| Aim of the exercise |
Return each record word for word and omit the pictures.

| Stored data |
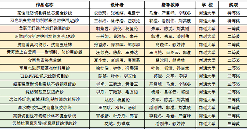 12月11日,“新澳杯”第十二届全国大学生纱线设计大赛终评评审会在我校举行。经过大赛组委会初评和终评,我校纺织服装学院纺织工程专业学生农歆玥、张喻婷、毛彦宁的作品《高性能防切割钨丝芯复合纱线》和王林海、徐柠浩、汪领先的作品《双色凯夫拉耐切割耐高温防护用AB纱》脱颖而出,获2项特等奖。另获一等奖1项,二等奖5项,三等奖7项;指导教师马岩、郭滢获“优秀指导教师”称号;南通大学获优秀组织奖。
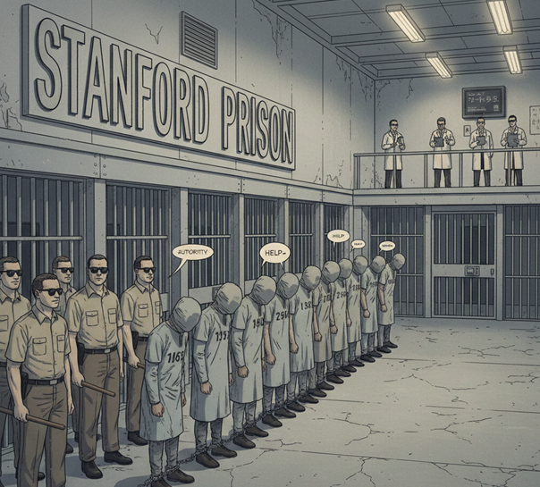 | Deindividuasi | Kehilangan identitas pribadi karena seragam dan peran. | Penjaga bertindak tanpa rasa tanggung jawab individu. |
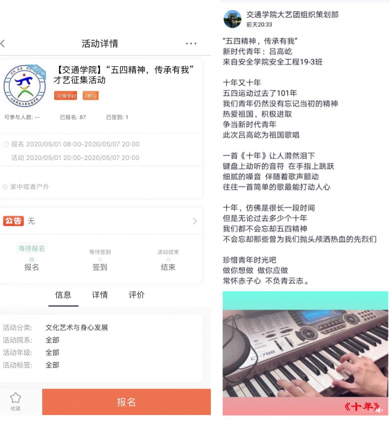 必赢776net学生会大艺团为 “五四精神,传承有我”才艺征集活动的举办,为同学们提供了一个锻炼和展示自己的平台,展现了交通学子积极向上、活力自信的精神风貌,营造了爱党爱国,自强不息的文化氛围。
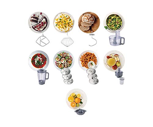 Die Prospero KM244 ist ausgestattet durch: 1,5 l Acryl-Mixaufsatz, Saftzentrifuge zum Entsaften, Zitruspresse, Global Player-Zerkleinerer durch 6 Arbeitsscheiben leer rostfreier Stahl
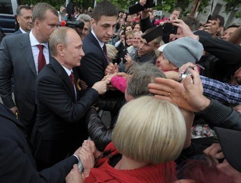 | Le président russe Vladimir Poutine (centre), le 9 mai à Séb |

| Expected answer |
 12月11日,“新澳杯”第十二届全国大学生纱线设计大赛终评评审会在我校举行。经过大赛组委会初评和终评,我校纺织服装学院纺织工程专业学生农歆玥、张喻婷、毛彦宁的作品《高性能防切割钨丝芯复合纱线》和王林海、徐柠浩、汪领先的作品《双色凯夫拉耐切割耐高温防护用AB纱》脱颖而出,获2项特等奖。另获一等奖1项,二等奖5项,三等奖7项;指导教师马岩、郭滢获“优秀指导教师”称号;南通大学获优秀组织奖。
 | Deindividuasi | Kehilangan identitas pribadi karena seragam dan peran. | Penjaga bertindak tanpa rasa tanggung jawab individu. |
 必赢776net学生会大艺团为 “五四精神,传承有我”才艺征集活动的举办,为同学们提供了一个锻炼和展示自己的平台,展现了交通学子积极向上、活力自信的精神风貌,营造了爱党爱国,自强不息的文化氛围。
 Die Prospero KM244 ist ausgestattet durch: 1,5 l Acryl-Mixaufsatz, Saftzentrifuge zum Entsaften, Zitruspresse, Global Player-Zerkleinerer durch 6 Arbeitsscheiben leer rostfreier Stahl
 | Le président russe Vladimir Poutine (centre), le 9 mai à Séb |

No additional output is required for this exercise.